Validation of the 5-gene signature in GSE13213 dataset
Next, we validated the prognostic model in the GSE13213 dataset. Similarly, the 107 patients were stratified into high-risk and low-risk groups by the median risk score value (Fig. 4A). PCA and t-SNE analysis suggested that patients with different risks were well separated into two different groups (Fig. 4B and C). Also, patients in the high-risk group had a higher probability of earlier death (Fig. 4D) and achieved significantly worse OS than those in low-risk group (Fig. 4E). The predictive power of our prognostic model was satisfactory (Fig. 4F). Furthermore, the risk score was identified as an independent predictor of OS by both univariate analysis (HR: 5.18; 95% CI: 1.8–14.92; P < 0.01) and multivariate Cox regression analysis (HR: 5.59; 95% CI: 1.79–17.44; P < 0.001; Table S2). Collectively, these findings suggested that our prognostic model also had strong power in GSE13213 dataset.

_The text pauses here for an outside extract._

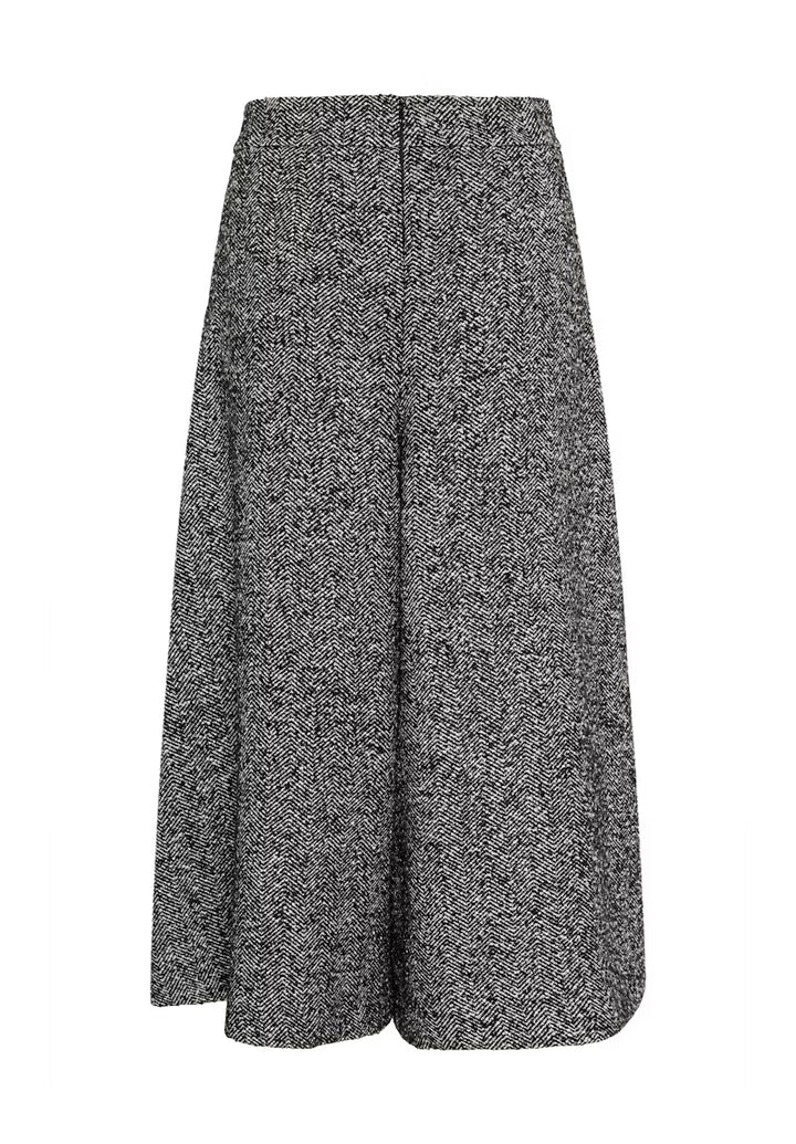 Wide leg culottes tailored for a relaxed fit, featuring a comfortable elastic waistband and mid-calf length. The soft fabric and breezy silhouette make these culottes a versatile addition for various occasions.

Functional enrichment analysis
GO enrichment and KEGG pathway analysis were performed to explore the functional roles of the DEGs in the TGCA LUAD cohort and GSE13213 dataset. GO analysis showed that the DEGs were mostly enriched in several immunity- and ferroptosis-related biological processes and molecular functions (P < 0.05; Fig. 5A and B). KEGG analysis showed that DEGs were mostly enriched in the ferroptosis pathway and immune-related pathways such as human T-cell leukemia virus 1 (HTLV-1) infection pathway (P < 0.05; Fig. 5C and D). These results suggested that there may be a crosslinking between ferroptosis and tumor immune in NSCLC.

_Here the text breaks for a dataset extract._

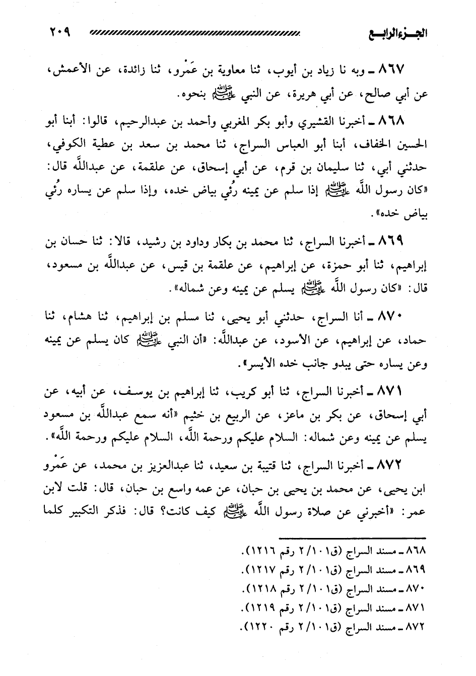 869- أَخْبَرَنَا السَّرَّاجُ، ثنا مُحَمَّدُ بْنُ بَكَّارٍ وَدَاوُدُ بْنُ رُشَيْدٍ قَالا ثنا حَسَّانُ بْنُ إِبْرَاهِيمَ، ثنا أَبُو حَمْزَةَ، عَنْ إِبْرَاهِيمَ، عَنْ عَلْقَمَةَ بْنِ قَيْسٍ، عَنْ عَبْدِ اللَّهِ بْنِ مَسْعُودٍ، قال: ((كان رسول الله صلى الله عليه وسلم يسلم عن يمينه وعن شماله)) .

To further uncover the correlation between the risk score and immune status, the enrichment scores of diverse immune cell subpopulations and related functions or pathways with single-sample gene set enrichment analysis (ssGSEA) were further quantified. Interestingly, the antigen presentation process, including the score of aDCs, iDCs, APC co-stimulation and HLA were significantly different between the low risk and high risk group in the TCGA cohort (P < 0.05; Fig. 6A and B). APC co-inhibition and HLA class were significantly lower in high-risk patients than that in high-risk patients (P < 0.05; Fig. 6B). Comparisons in the GSE13213 dataset identified the differences of HLA class, Type I -IFN response and Type II -IFN response (P < 0.05; Fig. 6C and D). In particular, the scores of macrophages and mast cells were the most statistically different between the two risk groups in both the TCGA cohort and the GSE13213 dataset, which was consistent with the findings in the GO enrichment analysis.